DIRECTIONS FOR THIS TASK.
The result should be an exact copy of the data, free of pictures.

DATA TO EXAMINE.
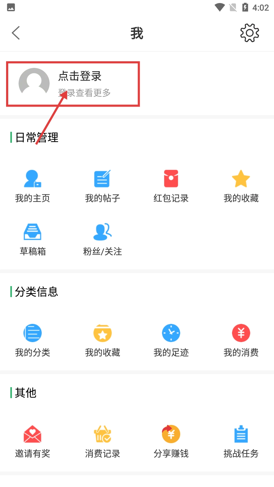 在论坛首页点击左上角的个人中心图标,即可进入个人中心页面。
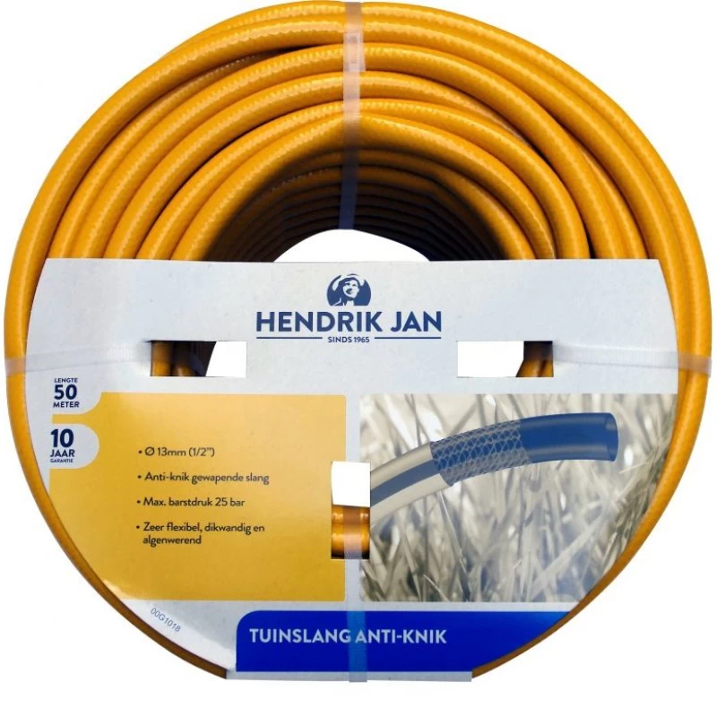 Deze Hendrik Jan anti-knik gewapende tuinslang heeft een lengte van 50 meter en een doorsnede van 13 mm (1/2 inch). Deze slang is zeer flexibel, dikwandig en algenwerend.
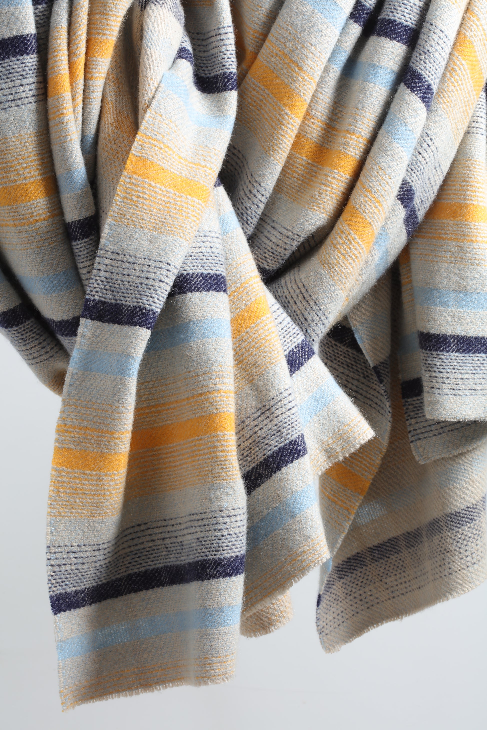 The hand-woven blanket blanced blend of superfine cashmere and precious yak wool, originating from an ancient tibet handcraft technique. The hand woven piece in the bright color, shows the unique ethnic identity of Tibetan culture.
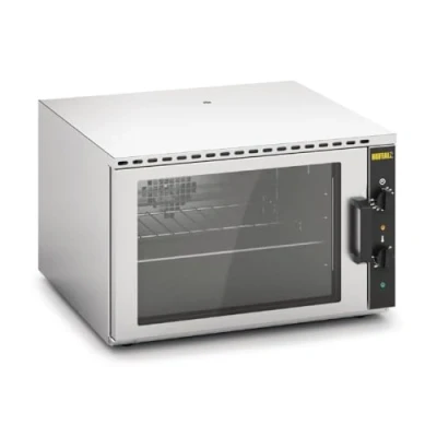 GENEROUS CAPACITY: Accepts up to four 2/3 GN trays, allowing you to cook large batches or multiple dishes at once, boosting your kitchen's output PLUG & PLAY OPERATION: Simply plug into a standard 13A socket to get started instantly. No need for costly or time-consuming hardwired installation FAST & EVEN COOKING: Fan-assisted for rapid heat-up and consistent heat distribution, ensuring your food is cooked thoroughly and evenly every time SIMPLE & PRECISE CONTROL: User-friendly manual dial controls and a 120-minute timer give you exact command over temperature and cooking duration EASY TO CLEAN & MAINTAIN: Built with durable stainless steel and features removable shelves and racks for simple cleaning and upkeep in a busy kitchen
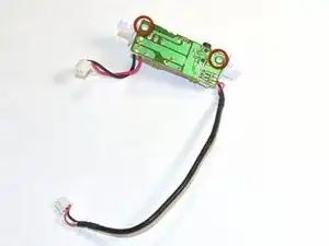 Открутите два винта Philips #00 длиной 5 мм от зеленой платы электроники наушников/питания, чтобы отсоединить ее от белой опоры.
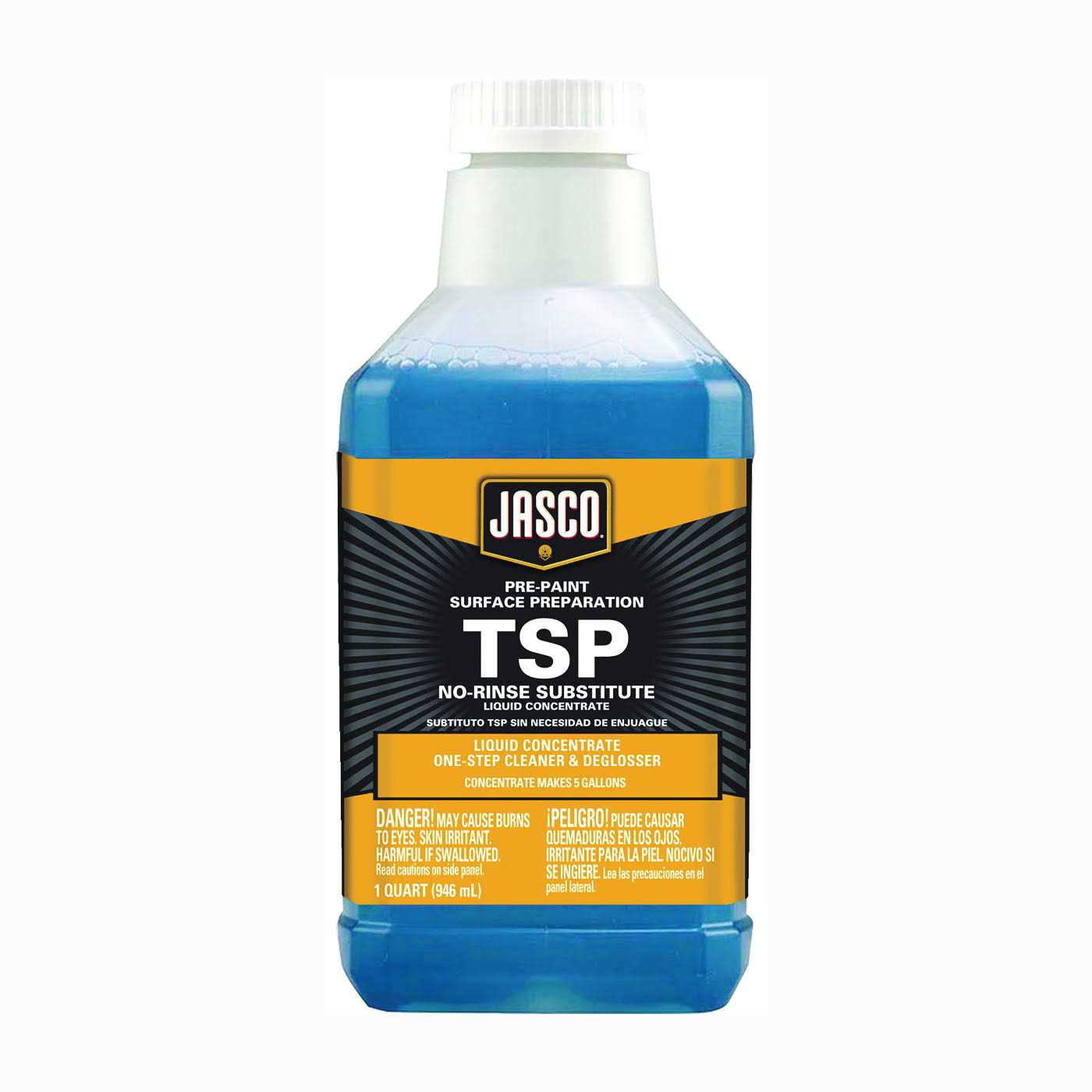 Cleans and deglosses in one easy step before painting. Wipe on, wipe off. No rinsing. Concentrate; add water 4 to 1. Removes grease, grit, grime, smoke, crayon and wax. No odor, non-flammable, non-corrosive, contains no phosphates and is biodegradable. One quart makes up to 5 quarts (average kitchen). Will not harm glass, ceramic tile, aluminum or chrome. Use to clean asphalt driveways before sealing.
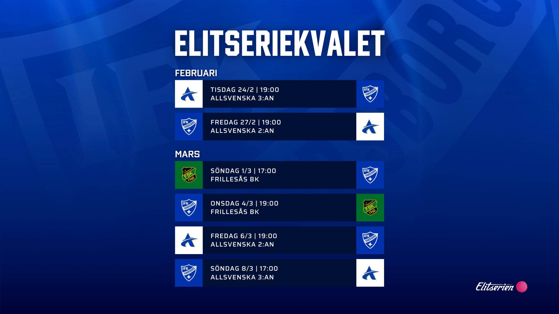 Tisdag 24/2 kl 19:00 – Allsvenska 3:an vs IFK Vänersborg
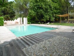 A vendre au Beaucet joli village des monts de Vaucluse à proximité de Saint Didier et à 10 minutes de Carpentras, charmant appartement au 1er étage, 3 pièces avec mezzanine dans un domaine arboré avec piscine.
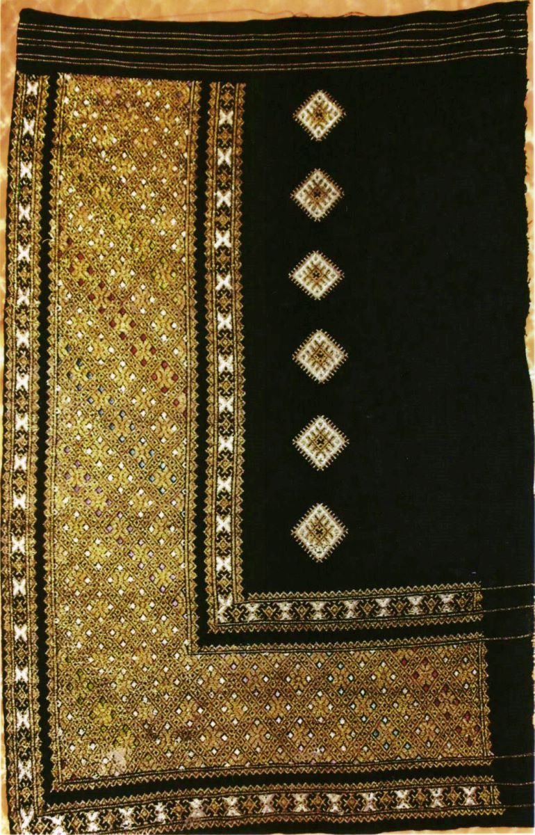 Descriere: Formă dreptunghiulară, dintr-o singură bucată, ornamentată cu motive geometrice dispuse sub forma unui registru lat, amplasat la unul din capete și în partea inferioară, mărginit de un registru îngust. Cele două registre prezintă, pe margine, vergi cu colț. Mijlocul este ornamentat cu un registru îngust și un șir de șase romburi. Motive geometrice: romb, cruce în X, zig-zag, triunghi. La celălalt capăt, grupuri de vărguțe galbene. Pe trei laturi, este tivită. Cromatică: negru, galben, albastru, liliachiu, roz, roșu, verde, alb.

ANSWER SECTION.
 在论坛首页点击左上角的个人中心图标,即可进入个人中心页面。
 Deze Hendrik Jan anti-knik gewapende tuinslang heeft een lengte van 50 meter en een doorsnede van 13 mm (1/2 inch). Deze slang is zeer flexibel, dikwandig en algenwerend.
 The hand-woven blanket blanced blend of superfine cashmere and precious yak wool, originating from an ancient tibet handcraft technique. The hand woven piece in the bright color, shows the unique ethnic identity of Tibetan culture.
 GENEROUS CAPACITY: Accepts up to four 2/3 GN trays, allowing you to cook large batches or multiple dishes at once, boosting your kitchen's output PLUG & PLAY OPERATION: Simply plug into a standard 13A socket to get started instantly. No need for costly or time-consuming hardwired installation FAST & EVEN COOKING: Fan-assisted for rapid heat-up and consistent heat distribution, ensuring your food is cooked thoroughly and evenly every time SIMPLE & PRECISE CONTROL: User-friendly manual dial controls and a 120-minute timer give you exact command over temperature and cooking duration EASY TO CLEAN & MAINTAIN: Built with durable stainless steel and features removable shelves and racks for simple cleaning and upkeep in a busy kitchen
 Открутите два винта Philips #00 длиной 5 мм от зеленой платы электроники наушников/питания, чтобы отсоединить ее от белой опоры.
 Cleans and deglosses in one easy step before painting. Wipe on, wipe off. No rinsing. Concentrate; add water 4 to 1. Removes grease, grit, grime, smoke, crayon and wax. No odor, non-flammable, non-corrosive, contains no phosphates and is biodegradable. One quart makes up to 5 quarts (average kitchen). Will not harm glass, ceramic tile, aluminum or chrome. Use to clean asphalt driveways before sealing.
 Tisdag 24/2 kl 19:00 – Allsvenska 3:an vs IFK Vänersborg
 A vendre au Beaucet joli village des monts de Vaucluse à proximité de Saint Didier et à 10 minutes de Carpentras, charmant appartement au 1er étage, 3 pièces avec mezzanine dans un domaine arboré avec piscine.
 Descriere: Formă dreptunghiulară, dintr-o singură bucată, ornamentată cu motive geometrice dispuse sub forma unui registru lat, amplasat la unul din capete și în partea inferioară, mărginit de un registru îngust. Cele două registre prezintă, pe margine, vergi cu colț. Mijlocul este ornamentat cu un registru îngust și un șir de șase romburi. Motive geometrice: romb, cruce în X, zig-zag, triunghi. La celălalt capăt, grupuri de vărguțe galbene. Pe trei laturi, este tivită. Cromatică: negru, galben, albastru, liliachiu, roz, roșu, verde, alb.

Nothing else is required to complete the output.